The minister stressed that Canada’s goal is to reach a resolution on tariffs independently of the upcoming 2026 review of the Canada-U.S.-Mexico Agreement (CUSMA). According to LeBlanc, separating tariff talks from the larger CUSMA review is critical in order to avoid prolonging disputes that continue to impact industries in both countries.
“I’m not seeing a dead end in those conversations,” LeBlanc said. He emphasized that Canadian officials remain in regular contact with their U.S. counterparts and that discussions are ongoing, even if progress has been slow.
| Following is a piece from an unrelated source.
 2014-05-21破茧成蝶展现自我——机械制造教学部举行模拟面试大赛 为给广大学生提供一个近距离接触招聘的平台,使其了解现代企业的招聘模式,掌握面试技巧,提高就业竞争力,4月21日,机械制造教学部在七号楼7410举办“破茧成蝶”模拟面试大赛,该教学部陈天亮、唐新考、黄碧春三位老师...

LeBlanc highlighted the significant economic effects tariffs have already created on both sides of the border. Canadian producers continue to face barriers to exporting goods, while American businesses, especially in manufacturing, are struggling with higher costs for essential Canadian inputs. He pointed out that companies such as Ford Motors rely heavily on Canadian aluminum for vehicle production, particularly for its best-selling F-150 trucks. Quebec alone accounted for 65 percent of U.S. aluminum imports in 2024, based on figures from the Aluminum Association of Canada.
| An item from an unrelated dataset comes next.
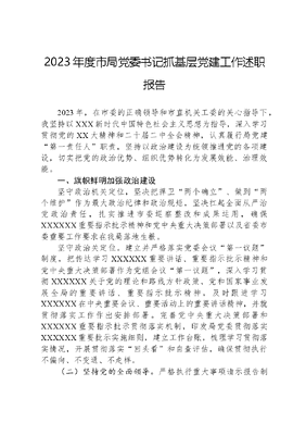 2023年度市局党委书记抓基层党建工作述职报告.docx

While several U.S. trade partners, including the European Union and the United Kingdom, have accepted across-the-board tariffs as part of their agreements with Washington, LeBlanc insisted that Canada will not follow this path. “Any deal with a baseline tariff would not be acceptable,” he said, noting that Canada remains committed to achieving an arrangement that is fair, balanced, and less burdensome for industries in both countries.
The U.S. administration has recently expanded Section 232 tariffs, adding levies on Canadian steel, aluminum, lumber, cabinets, furniture, and other wood products. These new measures compound existing countervailing and anti-dumping duties, which have already heightened financial pressure on both producers and importers. The lumber sector in particular has been hit hard, with added tariffs making Canadian timber less competitive in U.S. markets.
Despite these setbacks, LeBlanc expressed cautious optimism. He argued that domestic pressure within the United States from senators, governors, business leaders and labor unions may help create opportunities for constructive outcomes. “The vast majority of these issues are resolvable or can be significantly improved,” he said, while acknowledging that the road to a final agreement may still be difficult.
Agricultural trade also remains a sensitive point. LeBlanc reaffirmed Canada’s commitment to its system of supply management, particularly in the dairy sector, even as U.S. officials have called for expanded access to Canadian markets. Reports have suggested that Canada may be exploring changes in quota allocation to allow more U.S. dairy into its market, but LeBlanc dismissed suggestions that the system itself would be up for negotiation.
Looking at the broader trade relationship, LeBlanc underscored that CUSMA continues to provide Canada with significant tariff-free access to the U.S. market, which he described as a “massive advantage” for Canadian exporters. Still, he cautioned that while CUSMA is valuable, restoring free trade without punitive tariffs remains the ultimate goal.
U.S. officials, for their part, have expressed frustration at what they perceive as Canada’s lack of flexibility in removing trade barriers. A White House source said recently that little progress has been made in tariff negotiations, adding that Canada’s approach has slowed discussions.
Even so, Canadian officials note that Canada remains one of the largest sources of foreign investment in the U.S., and the government plans to highlight this strong economic relationship in the coming weeks. LeBlanc suggested that telling Canada’s “good story” about cross-border investment could help strengthen the case for easing trade tensions.
Meanwhile, opposition politicians in Canada have criticized the government’s performance on trade talks, arguing that missed deadlines and the lack of a firm agreement signal weak progress. Conservative Leader Pierre Poilievre, in particular, has accused Prime Minister Mark Carney’s government of falling short of its commitments, saying Canadians have yet to see results from promises to negotiate wins with Washington.
Despite the political criticism, LeBlanc maintained that the dialogue with the U.S. remains constructive. While not yet conclusive, he described the ongoing conversations as “encouraging” and reiterated his optimism that a fair resolution can be achieved.